Пролог. Часть 1. Утро без времени
Утро. Первая неделя апреля. Лувр, королевские покои
В час, когда предрассветные сумерки сменил утренний свет, окрестности Лувра огласило эхо необычного дуэта. Надрывный и отчаянный рёв раздавался в унисон с громкой бранью.
– Ну же! Вперёд! Давай же, упрямая ты скотина!
В тёмно-фиолетовом бархате небосвода медленно угасало холодное мерцание звёзд, уступая нежно-розовому всполоху зари. Первые лучи начавшегося рассвета украсили яркими бликами позолоченные навершия дворцовых крыш и медную облицовку высоких печных труб. Во внутреннем каре дворца всё ещё царила темнота, и свет чадившего факела освещал небольшой пятачок под аркой ворот, в которых намертво застряла нагруженная до отказа повозка.
– Паршивец! Бестолковое животное! Даже кожевнику на ремни тебя не продашь! Ну же! Двигай, тебе говорю!

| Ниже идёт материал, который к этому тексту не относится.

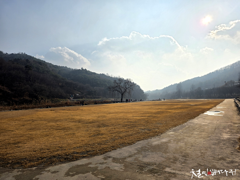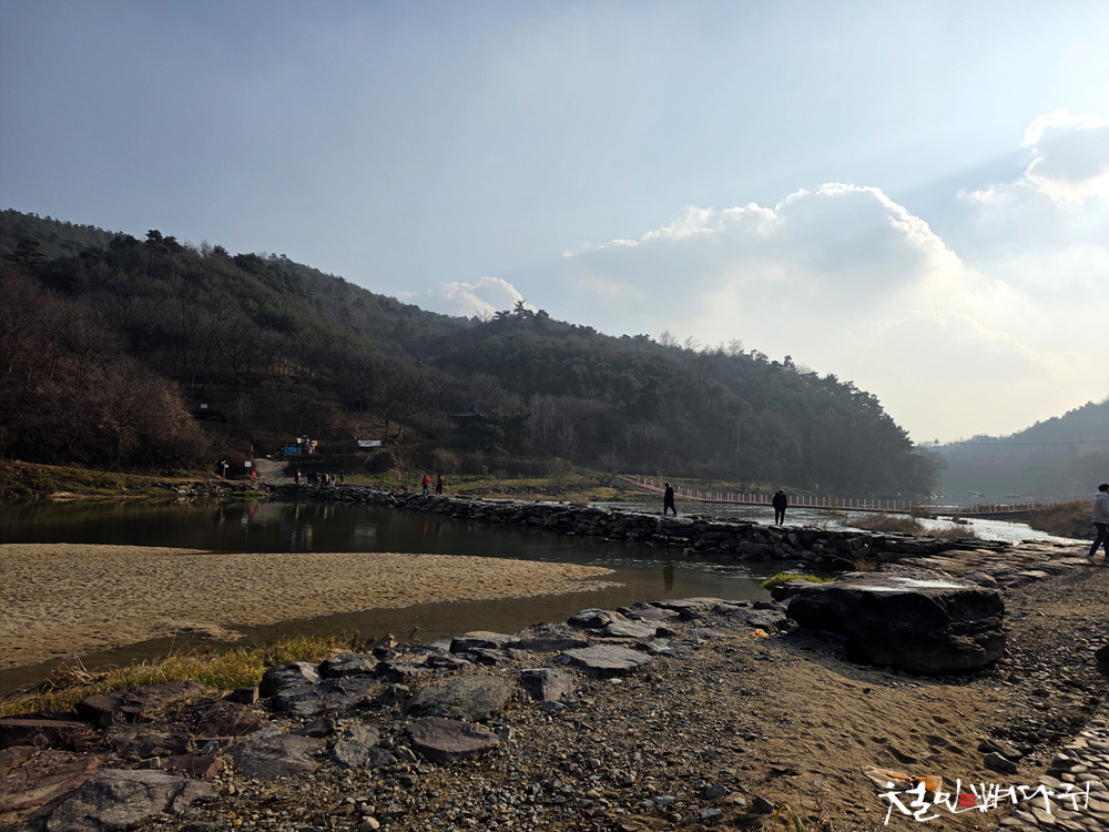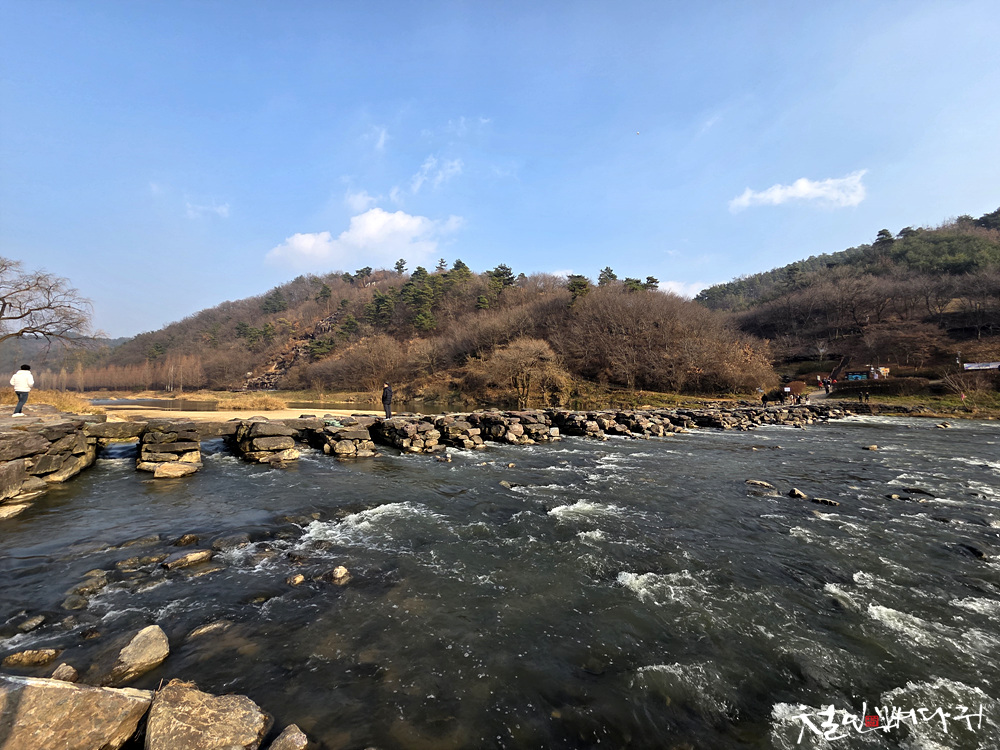 넓은 잔디밭을 지나 나무가 있는 쪽에 농다리가 있습니다.

Эти увещевания вместе с руганью разносились громким эхом, сливаясь в унисон с громким рёвом. Нарушителем покоя обитателей королевского дворца оказался прославленный в веках не за ум, а за упрямство, неблагородный и, если верить громким понуканиям хозяина, крайне неблагодарный скот. Осёл. По причине, вряд ли известной даже ему самому, он решил проявить характер и встал под аркой ворот, не желая ни на шаг сдвинуться с места.
Рёв упрямого осла и крики его отчаявшегося хозяина подняли на ноги почти всех обитателей покоев, чьи окна выходили во двор. В том числе этот гвалт заставил переполошиться и заспанных гвардейцев, чья кордегардия находилась рядом с парадным вестибюлем. Поднятый ими шум привлёк в свою очередь любопытство прислуги, сновавшей по коридорам в гонке со временем, чтобы успеть выполнить свои утренние обязанности.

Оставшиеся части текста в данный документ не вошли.